I saw the truth in Korea
- Author: Alan Winnington
- Language: English
- Subject: Korean War
- Publisher: People's Press Printing Society
- Publication date: 1950
- Publication place: United Kingdom

= I saw the truth in Korea =

1950 exposé about the massacre of civilians during the Korean War

I saw the truth in Korea: Facts and photographs that will shock Britain! (1950) was a British journalistic leaflet written by Alan Winnington, one of the only two native speaking English journalists to cover the Korean War from the northern side. The leaflet contains photographic and eyewitness evidence of mass graves near Daejeon containing the corpses of thousands of civilians executed by South Korean forces during the Korean War. It was published in 1950 by People's Press Printing Society which also published for the Daily Worker for which Winnington was working as a journalist.

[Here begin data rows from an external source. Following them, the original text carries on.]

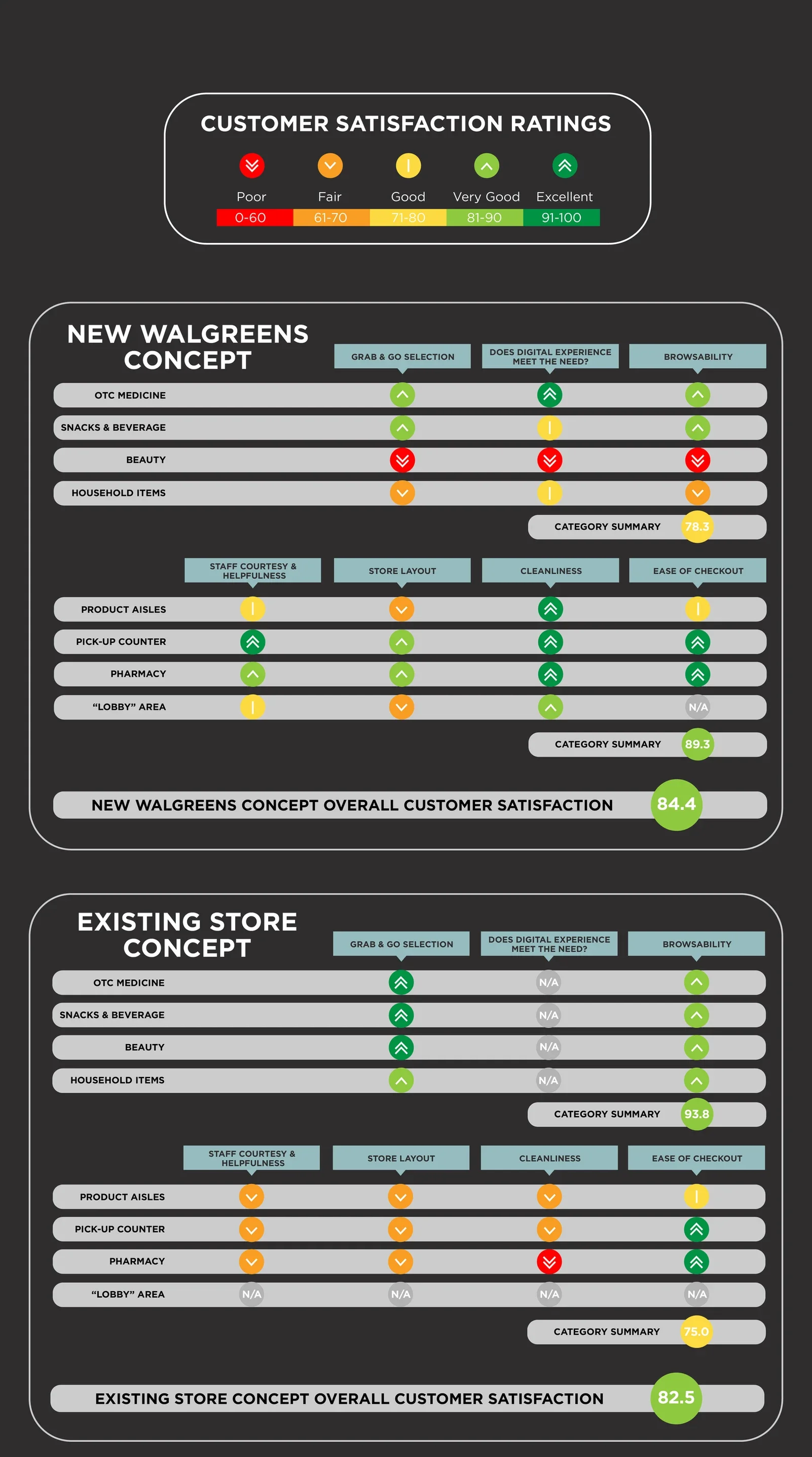 We found that overall, the new store concept scored slightly higher in customer satisfaction. The fresh look and feel more than compensate for the lack of browsability. One area that Walgreen's new concept fell short on is the beauty aisle. Several customers commented that they preferred to browse beauty products in person, rather than digitally, and the limited on-shelf selection was a turn-off.
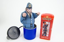Vintage Police lot of 2 Spring Loaded Toy Russel Stover Telephone Booth Tin
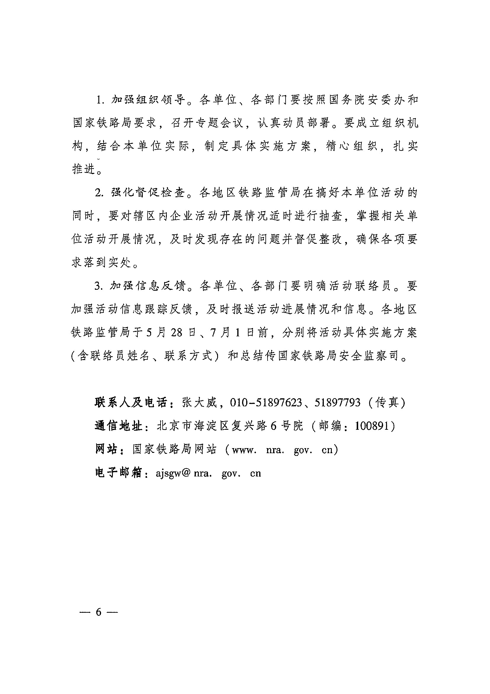 1.督促相關鐵路企業認真開展“安全生產月”和“安全生產萬里行”活動。各處室要及時掌握轄區內相關企業活動開展情況,督促企業落實相關要求。及時總結活動開展過程中好的經驗和做法并進行宣傳。
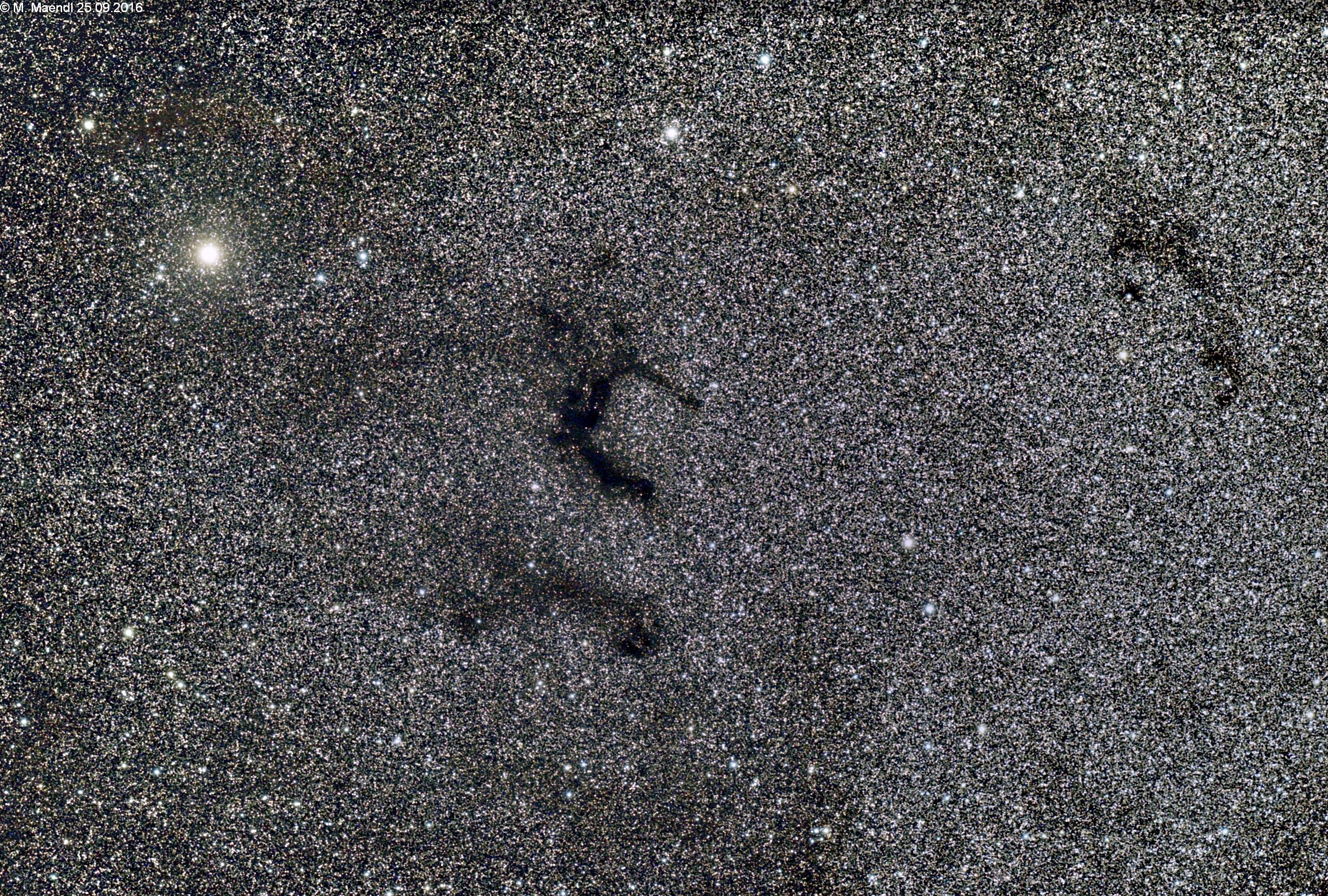 Der Dunkelnebel Barnard 143 im Sternbild Adler bildet zusammen mit dem darunterliegenden Barnard 142 den so genannten E-Nebel. Es handelt sich dabei um eine dunkle Staub- und Molekülgaswolke vor dem Sternengewirr der Milchstraße in einer Entfernung von etwa 2000 Lichtjahren. Der helle Stern links oben ist Tarazed im Kopf des Adlers.
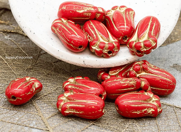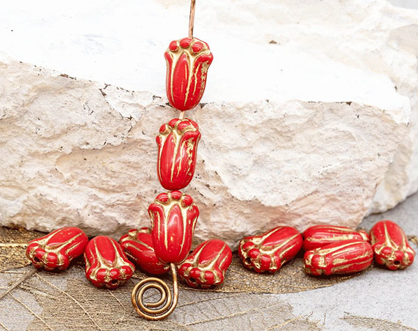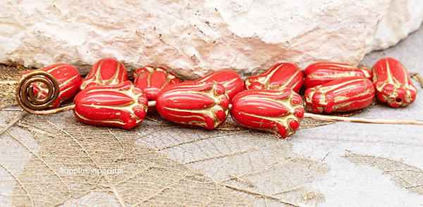 12x8mm Red Gold Wash Czech Tulip Bud – 12 pieces – 4315R
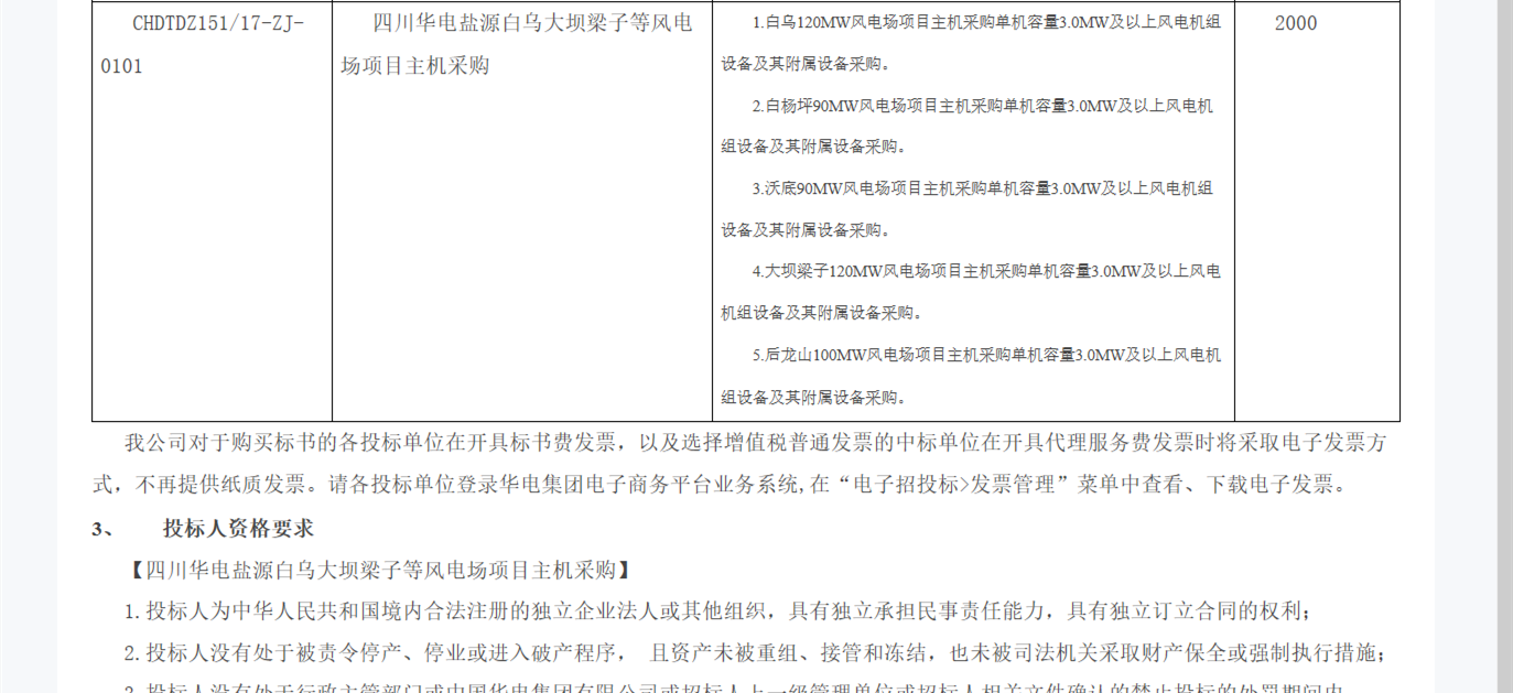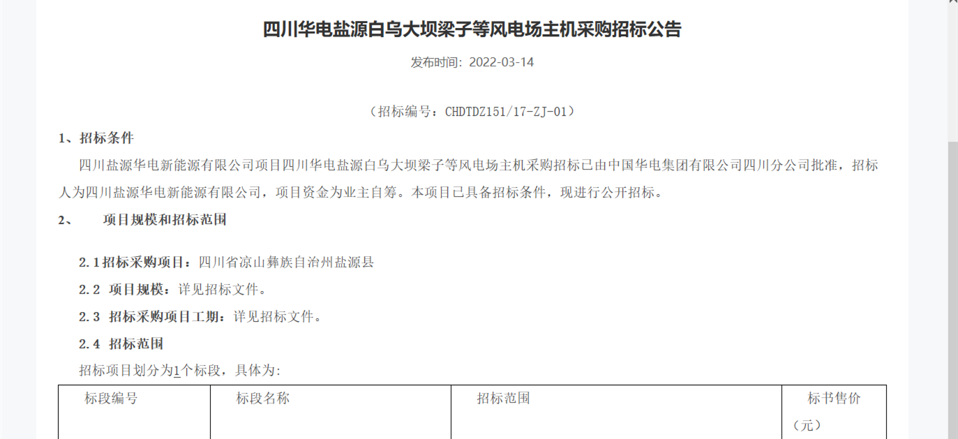 3月14日,华电集团发布四川华电盐源白乌大坝梁子等风电场主机采购招标公告。本次招标共划分一个标段,规模共计520MW,建设地点位于四川省凉山彝族自治州盐源县。
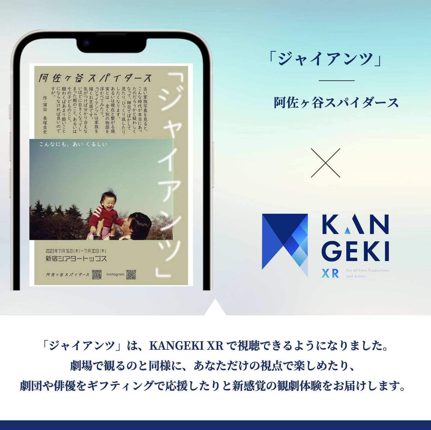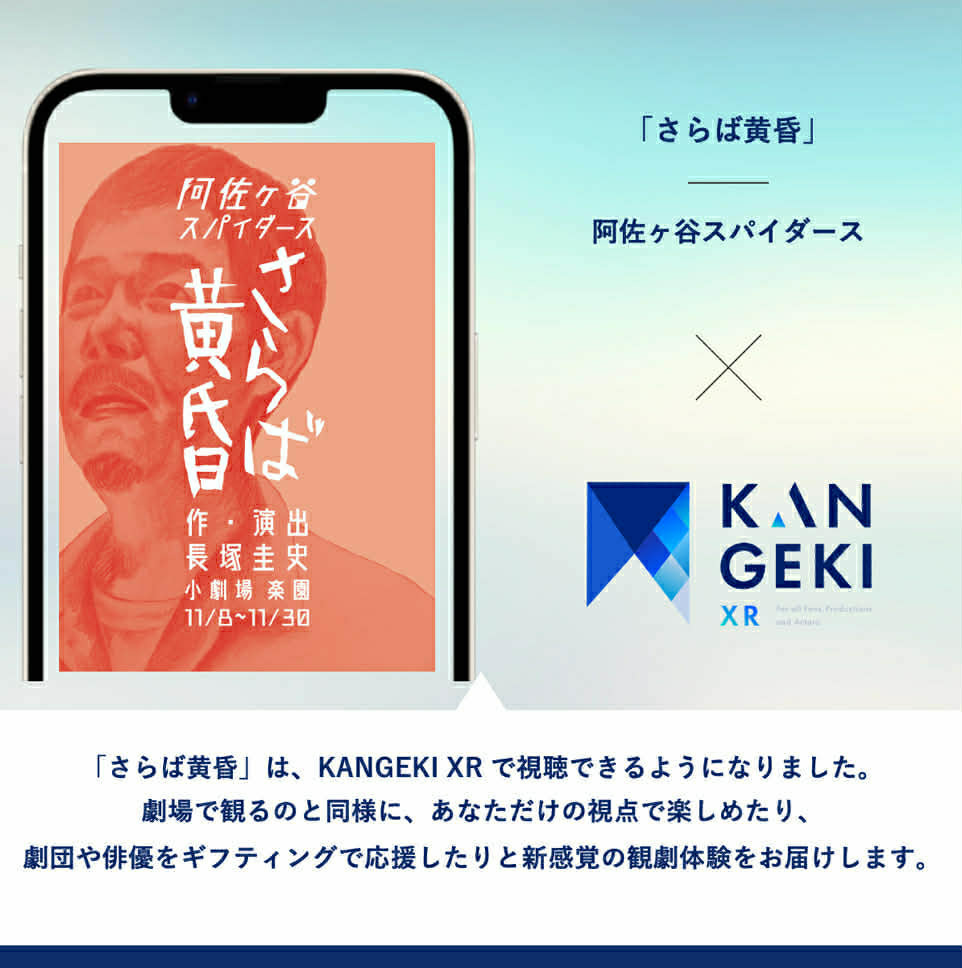 KANGEKI XR(カンゲキエクスアール)は、演劇作品を場所や時間を選ばずにスマホでお楽しみいただけるスマホアプリです。
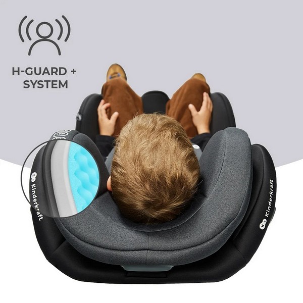 Столчето за кола е оборудвано с две системи, за да изведе безопасността при пътуване на най-високо ниво. H-GUARD+ е специално подсилена трислойна облегалка за глава с допълнителна пяна. Това предпазва частта на главата и шията при въртене, защото е още по-добре при абсорбирането на енергията, генерирана по време на сблъсък, като същевременно увеличава комфорта при пътуване чрез формоване според индивидуалната форма на главата на вашето мъниче. SPS+ е подобрена система за странична защита – щитовете разполагат с брони, които действат като зона на смачкване в автомобила и укрепват седалката на колата в ключови точки още повече. Те поемат първата и най-силна сила на удара, като я разпръскват и не позволяват да достигне до тялото на детето.
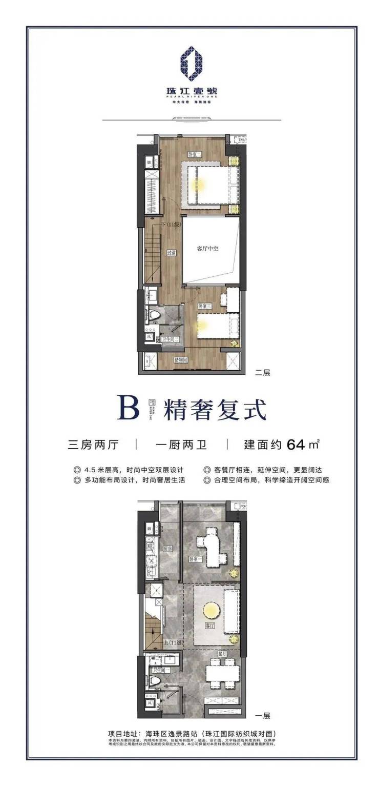 【项目概况】开发商:珠江投资集团物业公司:缦合物业,破亿豪宅同款物业占地面积:约3.7万㎡建筑面积:约31万㎡,LOFT空间约6.8万㎡LOFT层高:约4.5m中空挑高复式面积段:49-95㎡二至五房总户数:875套梯户比:10梯35户层数:共34层(仅25个标准层)拿地时间:2005年交楼时间:2023年6月(预计22年10月可交付)产权年限:50年装修:精装修【交通配套】 5站珠江新城,5站琶洲 11号线逸景路站正上,现场可以看到地铁站正紧锣密鼓施工中。11号线作为大环线,串联起天河、越秀、荔湾、海珠、白云五大中心区,预计将于2022年通车。 项目坐落于2000亿中大商圈之核,与珠江新城、琶洲两大城市CBD,共筑广州商业黄金三角。中大国际创新谷,依托中山大学、中国科学院南海研究所等前沿资源打造重大国际创新谷,将成为集合科研总部、科技孵化、商务配套功能于一体的高品质创新科技集聚区。未来,中大商圈将以中大国际创新谷的全新风貌展现在世界面前,成就比肩世界的“广州硅谷”。珠江壹號凭借其不可复制的核芯地理位置,将成为炙手可热的当红明星。大体量商业旗舰,城芯风向标除了地标的稀缺价值、地铁物业价值之外,珠江壹号还坐拥一站式高端配套等多重优势,万达广场、合生广场以及珠江壹号自带的7万㎡时尚MALL举步即达,汇集全球时尚娱乐休闲,高端餐饮美食,文体商务等全配套生活业态,开启万千精彩生活。

The leaflet claims that an approximate 7,000 corpses of executed civilians had been hastily buried in a mountain valley close to Daejeon. During the Korean War the United States military accused the leaflet of being an "atrocity fabrication", however United States military archives declassified in 1999 have since released new photographs showing the massacre of civilians as it happened.

The publishing of this leaflet, along with Winnington's favourable coverage of the North Korean forces during the Korean War, led to Winnington's reputation being attacked by the British government who then made him stateless by refusing to renew his passport.

Currently, the leaflet and its contents are being used as a guide by historians and activists in South Korea to uncover the locations of mass graves in Daejeon, and has played a role in the creation of a Peace Park in the area set to be completed 2024 which will commemorate the victims of the war crimes exposed by the leaflet.